WHERE — Aliases & Aggregate Functions CAN NOT be used

It is NOT permissible to refer to a column alias in a WHERE clause, because the column value might not yet be determined when the WHERE clause is executed (explained in next section).

It is NOT permissible to refer to an aggregate function in a WHERE clause, because WHERE clause doesn’t have access to entire set but is applied to each row as it is presented to the db engine. Whereas aggregate functions (e.g. SUM()) work on sets of data.

WHERE clause requires at least one condition. And, if multiple conditions, connect them using AND or OR logic operators.

Good Practice:
In production environment, always compliment UPDATE and DELETE queries with WHERE clause to avoid accidental updates and/or deletes.

HAVING — works similar to WHERE but use cautiously

An advantage of HAVING clause over WHERE clause is that it filters the aggregated data whereas the latter filters the base data. In other words, WHERE clause acts as a pre-filter whereas HAVING clause as a post-filter. Hence, aggregate functions can be used with HAVING clause.

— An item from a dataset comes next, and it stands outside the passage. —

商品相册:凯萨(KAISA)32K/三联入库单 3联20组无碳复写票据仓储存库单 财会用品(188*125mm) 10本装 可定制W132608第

NOTE: Aliases in HAVING clause: Surprisingly, query successfully executes for ‘column aliases’ and fails for ‘aggregate function’ aliases.
Best practice is to refrain from using aliases in HAVING clause also.

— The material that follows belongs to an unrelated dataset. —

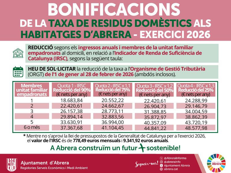 Abrera + Sostenible! Des de l'Ajuntament d'Abrera oferim bonificacions en taxes municipals per facilitar el compliment de les obligacions econòmiques de la ciutadania. La taxa de residus domèstics, amb una quota anual per cada habitatge del nostre municipi de 228 €, presenta reduccions per ingressos econòmics anuals, que poden arribar al 90% i que el 2026 beneficiaran més famílies abrerenques amb l'ampliació del barem econòmic per accedir-hi, i bonificacions per l'ús de la Deixalleria Municipal, que poden arribar al 25%.

Do not use HAVING for items that should be in the WHERE clause, because WHERE is more optimized.

GROUP BY — should include aggregate functions

SELECT list should include a function (e.g. SUM(), COUNT()) that summarizes the data. WITH ROLLUP modifier can be used to include extra rows that represent higher-level (that is, super-aggregate) summary operations.
SELECT cat, COUNT(*) AS total ... GROUP BY category WITH ROLLUP;

ORDER BY and LIMIT

ORDER BY clause should include at least one column name or alias. If more than one column is included, separated by a comma, then the columns are ordered in the order they are mentioned.

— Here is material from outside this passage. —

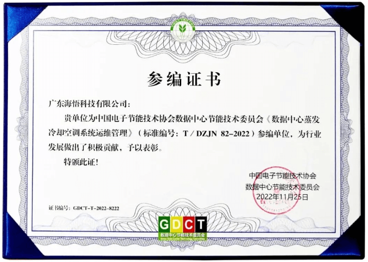 峰會(huì)期間,海悟集團(tuán)被授予《數(shù)據(jù)中心蒸發(fā)冷卻空調(diào)系統(tǒng)運(yùn)維管理》的參編單位證書(shū),共同見(jiàn)證數(shù)據(jù)中心蒸發(fā)冷技術(shù)相關(guān)標(biāo)準(zhǔn)的啟動(dòng)儀式,并參與探討相關(guān)技術(shù)規(guī)范的編制工作。行業(yè)標(biāo)準(zhǔn)制定是產(chǎn)業(yè)發(fā)展的基石,也是建設(shè)制造強(qiáng)國(guó)和網(wǎng)絡(luò)的重要部分。 多年來(lái),海悟積極參與各類數(shù)據(jù)中心基礎(chǔ)設(shè)施及行業(yè)技術(shù)標(biāo)準(zhǔn)的編制,主編或參編近百項(xiàng)國(guó)家標(biāo)準(zhǔn)、行業(yè)標(biāo)準(zhǔn)及團(tuán)體標(biāo)準(zhǔn),為更多行業(yè)樹(shù)立標(biāo)準(zhǔn)規(guī)范,護(hù)航數(shù)據(jù)中心和暖通空調(diào)領(lǐng)域行穩(wěn)致遠(yuǎn)。

Take advantage of [offset,] modifier (default value = 0) of LIMIT clause which indicates after which row to begin the row count. For e.g. LIMIT 10, 5 starts the row count after 10th row, and returns 5 rows — 11th, 12th…, 15th.

INTO — Makes SELECT work as DML (Data Manipulation Language)

SELECT … INTO form is considered to be DML because it manipulates (i.e. modifies) the data. For e.g. you have an empty table `table` and want to insert data from table `backup` . Then the following query will act as DML:
SELECT * INTO backup FROM table;

Variables — usable till the client session last

While assigning a value to the variable, if WHERE clause returns multiple values, then only the last value returned by the WHERE clause will be assigned to the variable. For e.g. if WHERE clause in the below query returns (horror, comedy, romantic) then `romantic ` will be assigned to the variable:
SELECT @category := category FROM films WHERE rating > 3;

2. Logical Processing Order of the SELECT statement

This section is briefly curated from a blog “SQL Order of Operations — In Which Order MySQL Executes Queries?” written by Tomer Shay @ EverSQL.
I hope this will enable you to write optimized queries with few hit and trials.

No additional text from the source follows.